▸ Task brief
Range to reproduce from the entries below: the line with "Dependency Lead/Lag times", the line with "2012级1班同学也不甘示弱", and every line in between. Give them exactly and give nothing else.

▸ Material for this task
^^^^
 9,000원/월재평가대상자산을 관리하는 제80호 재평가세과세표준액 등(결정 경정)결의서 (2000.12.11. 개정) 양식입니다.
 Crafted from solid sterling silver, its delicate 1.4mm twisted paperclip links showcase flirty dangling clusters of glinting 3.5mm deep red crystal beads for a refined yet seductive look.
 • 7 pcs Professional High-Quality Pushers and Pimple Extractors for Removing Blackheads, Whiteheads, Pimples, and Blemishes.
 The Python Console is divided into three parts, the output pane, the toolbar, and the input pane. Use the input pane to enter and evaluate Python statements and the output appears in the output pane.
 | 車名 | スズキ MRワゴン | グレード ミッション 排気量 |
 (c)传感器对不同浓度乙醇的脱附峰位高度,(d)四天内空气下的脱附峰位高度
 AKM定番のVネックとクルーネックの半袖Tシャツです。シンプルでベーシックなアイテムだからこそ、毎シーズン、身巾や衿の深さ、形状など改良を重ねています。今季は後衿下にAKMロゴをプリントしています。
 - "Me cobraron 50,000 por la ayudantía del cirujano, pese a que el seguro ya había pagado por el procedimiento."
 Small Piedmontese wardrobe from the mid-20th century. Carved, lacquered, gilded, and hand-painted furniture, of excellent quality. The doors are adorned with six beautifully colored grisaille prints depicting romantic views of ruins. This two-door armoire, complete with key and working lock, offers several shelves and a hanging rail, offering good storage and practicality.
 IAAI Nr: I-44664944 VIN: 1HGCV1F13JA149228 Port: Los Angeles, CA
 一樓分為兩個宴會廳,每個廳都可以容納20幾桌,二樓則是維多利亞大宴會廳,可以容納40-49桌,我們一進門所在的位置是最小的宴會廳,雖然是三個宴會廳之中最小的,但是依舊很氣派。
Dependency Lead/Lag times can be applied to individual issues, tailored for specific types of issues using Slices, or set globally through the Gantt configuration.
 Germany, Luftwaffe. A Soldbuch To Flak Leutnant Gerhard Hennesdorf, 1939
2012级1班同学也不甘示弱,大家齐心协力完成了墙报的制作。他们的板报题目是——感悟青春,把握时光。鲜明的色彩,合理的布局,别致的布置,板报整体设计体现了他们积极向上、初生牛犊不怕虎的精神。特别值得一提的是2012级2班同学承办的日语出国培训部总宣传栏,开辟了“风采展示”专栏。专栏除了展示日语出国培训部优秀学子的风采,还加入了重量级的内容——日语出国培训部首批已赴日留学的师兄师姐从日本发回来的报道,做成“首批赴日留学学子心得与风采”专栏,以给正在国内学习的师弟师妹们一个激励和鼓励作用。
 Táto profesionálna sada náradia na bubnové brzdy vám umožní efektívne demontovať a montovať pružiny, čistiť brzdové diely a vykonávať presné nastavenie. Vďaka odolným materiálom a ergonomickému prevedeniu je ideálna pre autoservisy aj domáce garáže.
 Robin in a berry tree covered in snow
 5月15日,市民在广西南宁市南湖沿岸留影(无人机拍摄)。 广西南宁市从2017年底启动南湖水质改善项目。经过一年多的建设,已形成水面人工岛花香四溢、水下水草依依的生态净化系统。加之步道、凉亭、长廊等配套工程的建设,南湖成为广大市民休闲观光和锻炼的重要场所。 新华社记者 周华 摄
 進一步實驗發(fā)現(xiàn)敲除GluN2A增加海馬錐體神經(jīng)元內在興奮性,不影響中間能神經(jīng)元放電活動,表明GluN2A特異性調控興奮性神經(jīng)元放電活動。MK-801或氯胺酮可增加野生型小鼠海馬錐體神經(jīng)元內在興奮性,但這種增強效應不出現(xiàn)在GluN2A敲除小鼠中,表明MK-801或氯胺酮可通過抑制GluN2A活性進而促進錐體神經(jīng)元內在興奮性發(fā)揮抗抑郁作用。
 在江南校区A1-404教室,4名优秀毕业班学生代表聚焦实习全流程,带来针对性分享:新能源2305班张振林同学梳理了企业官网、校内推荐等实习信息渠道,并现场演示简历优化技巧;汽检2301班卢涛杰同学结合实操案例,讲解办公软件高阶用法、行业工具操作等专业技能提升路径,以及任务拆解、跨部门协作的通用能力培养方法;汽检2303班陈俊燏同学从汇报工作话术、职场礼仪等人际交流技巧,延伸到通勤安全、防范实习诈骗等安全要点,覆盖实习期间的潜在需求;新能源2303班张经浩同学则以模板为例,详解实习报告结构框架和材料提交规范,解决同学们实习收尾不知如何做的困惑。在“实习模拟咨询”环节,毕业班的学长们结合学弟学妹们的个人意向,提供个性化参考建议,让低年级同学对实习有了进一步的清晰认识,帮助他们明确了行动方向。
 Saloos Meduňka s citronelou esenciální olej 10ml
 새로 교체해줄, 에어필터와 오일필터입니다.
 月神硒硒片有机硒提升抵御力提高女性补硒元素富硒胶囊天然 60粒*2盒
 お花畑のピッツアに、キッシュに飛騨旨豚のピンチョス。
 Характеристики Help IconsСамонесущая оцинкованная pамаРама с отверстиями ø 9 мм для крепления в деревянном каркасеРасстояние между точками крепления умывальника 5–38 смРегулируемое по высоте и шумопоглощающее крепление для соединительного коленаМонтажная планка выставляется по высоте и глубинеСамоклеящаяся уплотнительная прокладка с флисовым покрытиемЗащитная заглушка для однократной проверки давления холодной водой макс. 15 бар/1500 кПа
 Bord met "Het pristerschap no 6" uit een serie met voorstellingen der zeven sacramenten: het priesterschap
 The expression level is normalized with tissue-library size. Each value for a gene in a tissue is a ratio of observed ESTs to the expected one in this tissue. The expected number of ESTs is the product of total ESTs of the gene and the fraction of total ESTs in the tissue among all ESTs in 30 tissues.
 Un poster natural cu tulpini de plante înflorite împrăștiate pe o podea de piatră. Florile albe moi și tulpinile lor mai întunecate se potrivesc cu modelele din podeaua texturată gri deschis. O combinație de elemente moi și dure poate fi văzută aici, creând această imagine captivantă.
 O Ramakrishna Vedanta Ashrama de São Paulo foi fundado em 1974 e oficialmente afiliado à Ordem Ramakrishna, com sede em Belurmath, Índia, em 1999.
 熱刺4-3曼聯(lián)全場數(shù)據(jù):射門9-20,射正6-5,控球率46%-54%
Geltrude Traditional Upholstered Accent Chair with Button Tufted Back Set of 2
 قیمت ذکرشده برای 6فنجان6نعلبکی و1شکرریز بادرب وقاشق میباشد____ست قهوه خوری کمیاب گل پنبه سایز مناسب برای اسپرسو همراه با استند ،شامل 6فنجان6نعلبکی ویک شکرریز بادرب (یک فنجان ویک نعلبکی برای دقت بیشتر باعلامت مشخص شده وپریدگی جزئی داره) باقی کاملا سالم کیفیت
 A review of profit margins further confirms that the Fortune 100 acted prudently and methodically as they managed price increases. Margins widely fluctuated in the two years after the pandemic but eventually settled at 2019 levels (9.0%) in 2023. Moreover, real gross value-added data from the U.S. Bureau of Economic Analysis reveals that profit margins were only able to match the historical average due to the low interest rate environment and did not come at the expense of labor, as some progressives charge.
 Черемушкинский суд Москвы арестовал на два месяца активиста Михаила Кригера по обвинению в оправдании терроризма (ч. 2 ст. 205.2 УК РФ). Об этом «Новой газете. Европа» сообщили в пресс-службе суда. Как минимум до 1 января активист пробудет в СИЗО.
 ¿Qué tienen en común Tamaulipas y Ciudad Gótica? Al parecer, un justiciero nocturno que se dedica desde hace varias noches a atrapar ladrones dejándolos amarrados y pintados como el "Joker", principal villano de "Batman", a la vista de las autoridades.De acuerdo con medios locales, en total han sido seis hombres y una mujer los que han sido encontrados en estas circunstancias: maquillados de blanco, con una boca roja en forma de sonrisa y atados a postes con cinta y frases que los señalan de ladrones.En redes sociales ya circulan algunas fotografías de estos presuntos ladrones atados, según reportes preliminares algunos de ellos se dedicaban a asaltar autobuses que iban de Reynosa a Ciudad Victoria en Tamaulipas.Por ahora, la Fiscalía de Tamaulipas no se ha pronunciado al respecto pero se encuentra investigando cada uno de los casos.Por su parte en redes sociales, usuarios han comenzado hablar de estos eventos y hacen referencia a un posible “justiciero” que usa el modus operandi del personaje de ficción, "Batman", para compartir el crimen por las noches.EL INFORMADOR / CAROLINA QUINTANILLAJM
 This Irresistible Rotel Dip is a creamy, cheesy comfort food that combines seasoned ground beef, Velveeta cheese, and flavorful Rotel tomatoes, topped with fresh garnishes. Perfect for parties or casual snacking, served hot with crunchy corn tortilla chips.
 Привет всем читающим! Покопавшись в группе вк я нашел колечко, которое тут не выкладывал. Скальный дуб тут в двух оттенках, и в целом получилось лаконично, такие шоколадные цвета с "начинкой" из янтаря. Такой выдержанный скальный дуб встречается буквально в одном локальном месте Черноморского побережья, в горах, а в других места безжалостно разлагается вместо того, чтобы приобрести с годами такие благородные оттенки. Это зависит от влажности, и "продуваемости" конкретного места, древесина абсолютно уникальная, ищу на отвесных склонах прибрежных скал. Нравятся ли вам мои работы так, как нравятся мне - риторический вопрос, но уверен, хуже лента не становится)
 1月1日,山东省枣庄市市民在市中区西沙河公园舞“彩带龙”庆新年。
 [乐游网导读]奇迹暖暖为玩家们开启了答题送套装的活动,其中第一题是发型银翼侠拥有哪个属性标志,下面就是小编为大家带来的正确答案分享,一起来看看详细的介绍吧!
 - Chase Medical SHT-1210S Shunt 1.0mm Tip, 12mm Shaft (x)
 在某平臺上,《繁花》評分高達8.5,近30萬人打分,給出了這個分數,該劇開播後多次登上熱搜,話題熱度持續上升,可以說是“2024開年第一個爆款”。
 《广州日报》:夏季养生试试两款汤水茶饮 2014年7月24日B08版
^^^^
▸ Exercise response
Dependency Lead/Lag times can be applied to individual issues, tailored for specific types of issues using Slices, or set globally through the Gantt configuration.
 Germany, Luftwaffe. A Soldbuch To Flak Leutnant Gerhard Hennesdorf, 1939
2012级1班同学也不甘示弱,大家齐心协力完成了墙报的制作。他们的板报题目是——感悟青春,把握时光。鲜明的色彩,合理的布局,别致的布置,板报整体设计体现了他们积极向上、初生牛犊不怕虎的精神。特别值得一提的是2012级2班同学承办的日语出国培训部总宣传栏,开辟了“风采展示”专栏。专栏除了展示日语出国培训部优秀学子的风采,还加入了重量级的内容——日语出国培训部首批已赴日留学的师兄师姐从日本发回来的报道,做成“首批赴日留学学子心得与风采”专栏,以给正在国内学习的师弟师妹们一个激励和鼓励作用。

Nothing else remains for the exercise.